No hablamos de grandes rutas de montaña, sino de recorridos suaves por paisaje mediterráneo de interior. En ciertas épocas del año es fácil ver rapaces planeando sobre los campos —águilas, azores u otras especies habituales en la zona— y, con un poco de suerte, algo de fauna moviéndose entre los pinares.
Cuando llega el otoño, muchos vecinos salen a buscar setas por los montes cercanos. Es una costumbre bastante arraigada, aunque siempre con las precauciones y normas que marcan cada temporada.
Tierra de vino
Estando en la comarca de Utiel‑Requena, la vid forma parte del paisaje casi tanto como los pinos. Los campos alrededor del pueblo están llenos de viñedos y no es raro ver movimiento en época de vendimia.
La zona trabaja con variedades tradicionales de la comarca y muchos vinos se elaboran bajo la denominación Utiel‑Requena. Más que una actividad turística organizada, aquí el vino sigue siendo sobre todo parte de la economía local.
Lo que se come en casa
La cocina del pueblo tira de lo que siempre ha habido a mano. Migas hechas con pan del día anterior, embutidos curados, guisos de cuchara que se cocinan despacio.

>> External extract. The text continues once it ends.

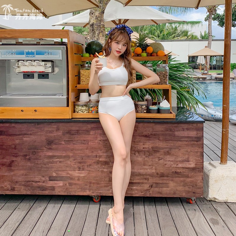 South Korea's 2021 new two-piece swimsuit women's small breasts gather high waist cover belly show thin sex rush hot spring vacation bikini
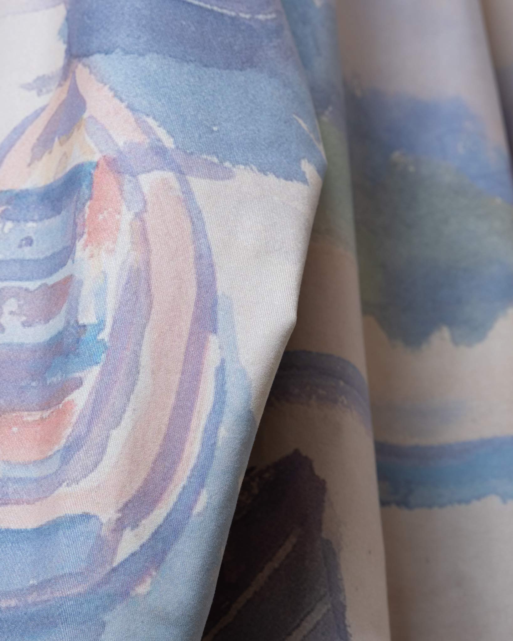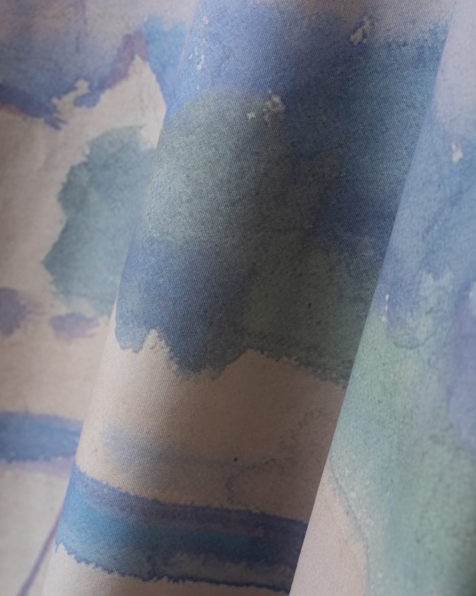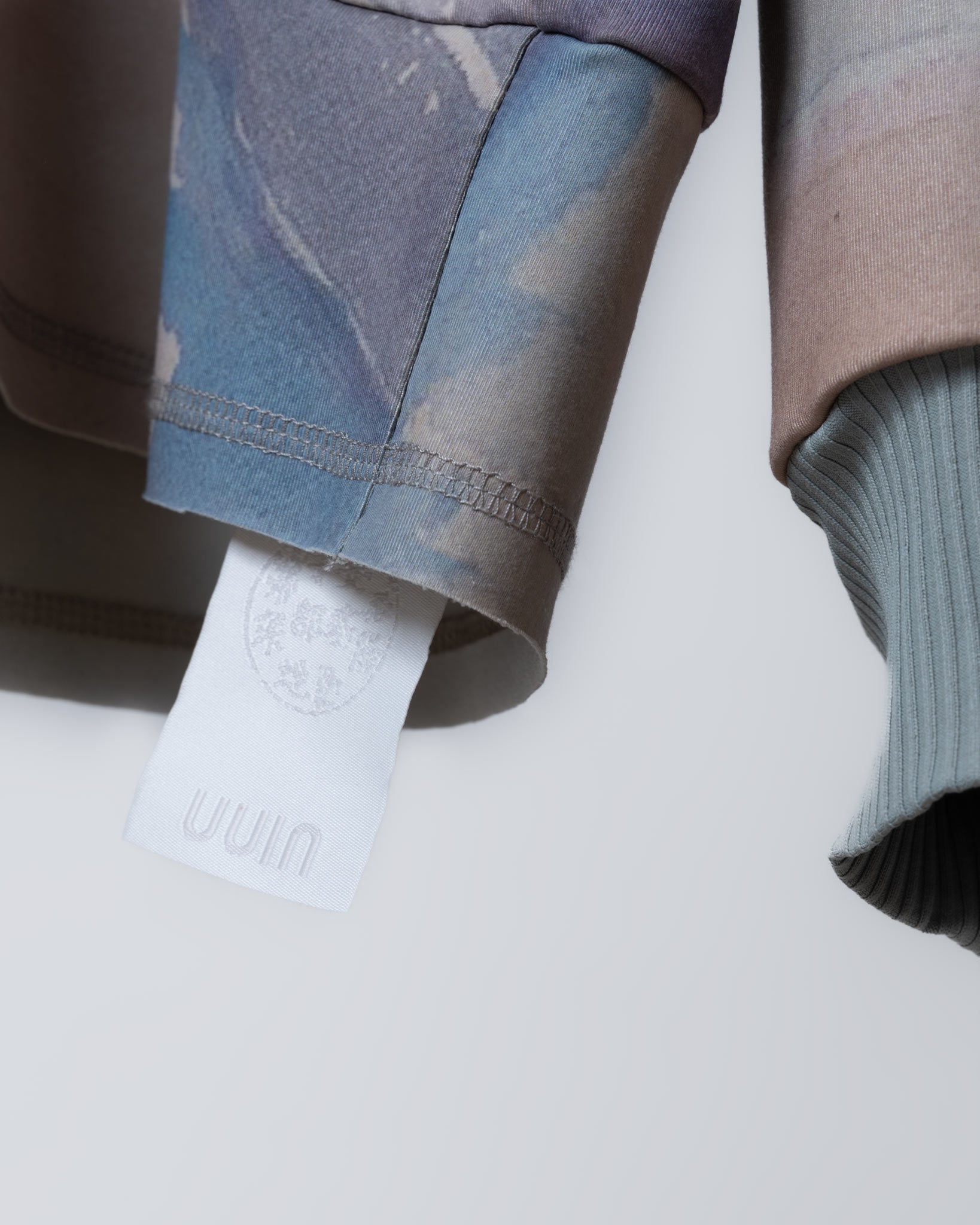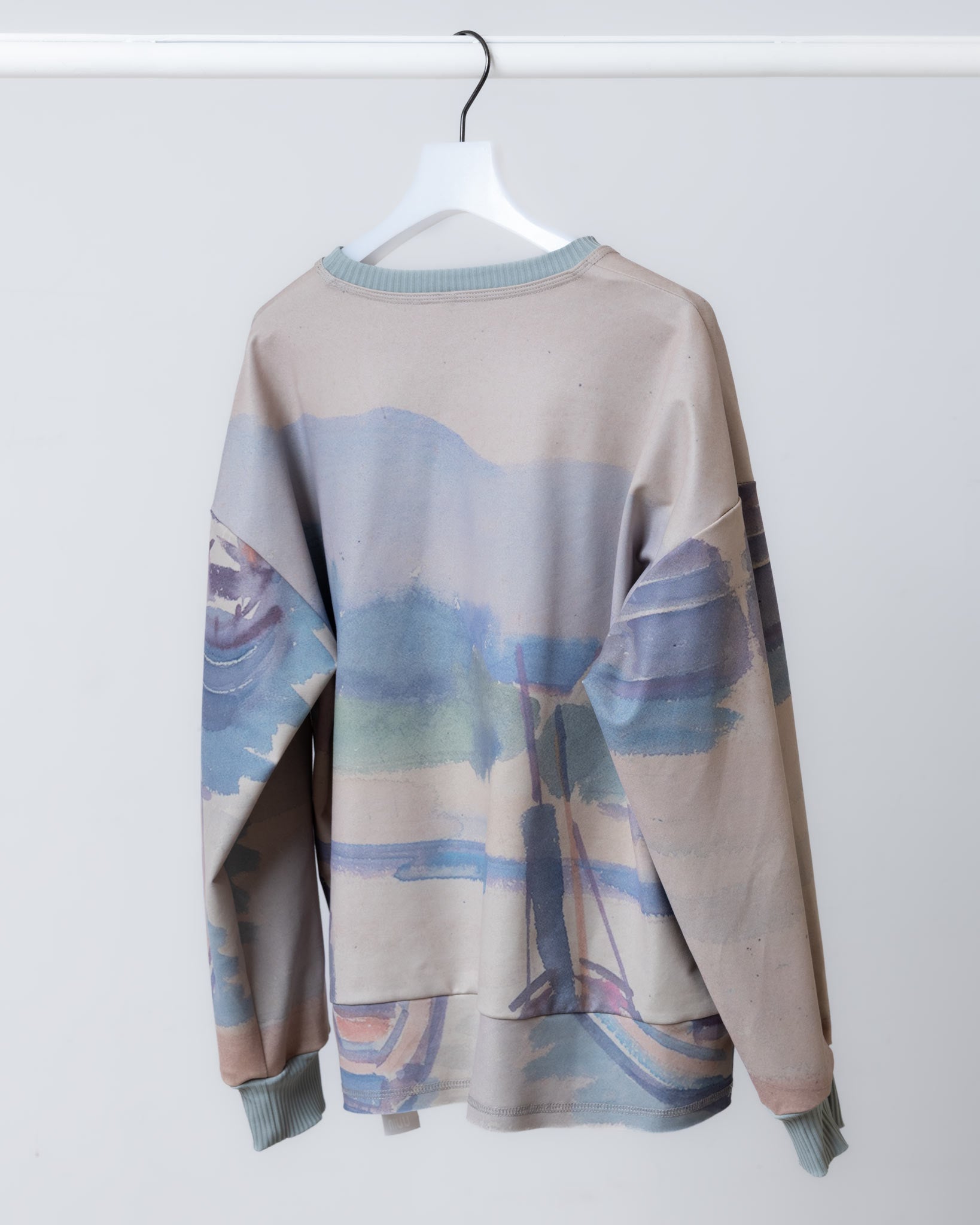 與北美館跨界合作授權之藝術家倪蔣懷先生畫作《 港口 (基隆) 》,筆法氤氳色彩淡雅融入設計,運用中性寬鬆的剪裁,延展袖線的落肩設計,提供活動時的空間與身型包容度。

Las verduras de huerta —cuando es temporada— y productos como almendras o aceite de oliva también aparecen mucho en la mesa. Es comida de interior valenciano: sencilla, contundente y pensada para jornadas largas de campo.
Fiestas y momentos en que el pueblo cambia de ritmo
En agosto llegan las fiestas dedicadas a la Virgen de la Asunción. Durante esos días el ambiente cambia bastante: música en la calle, actos populares y procesiones donde participa buena parte del pueblo.
Uno de los momentos que más suele comentarse es lo que aquí llaman la mojiganga, un desfile con disfraces y bastante sentido del humor. Es de esas tradiciones que entiendes mejor viéndolas que leyéndolas.
En septiembre, cuando llega la vendimia, también hay actividades relacionadas con el vino y la cosecha. Y en Navidad el pueblo recupera un ambiente muy familiar, con belenes y celebraciones religiosas todavía bastante presentes.
Cuándo acercarse
Sinarcas se puede visitar en cualquier momento, pero cada estación cambia bastante el paisaje.
La primavera trae los campos más verdes después del invierno. El verano, gracias a la altitud, suele ser algo más llevadero que en otras zonas valencianas. En otoño las viñas y los montes cambian de color y el ambiente se vuelve más tranquilo. Y el invierno tiene ese aire de pueblo recogido donde la vida pasa más puertas adentro.
No es un lugar de grandes atracciones ni de planes constantes. Más bien es ese tipo de sitio al que vienes a bajar el ritmo un rato, caminar por el campo y entender cómo sigue funcionando un pueblo agrícola del interior valenciano. Si vienes con esa idea, Sinarcas encaja bastante bien.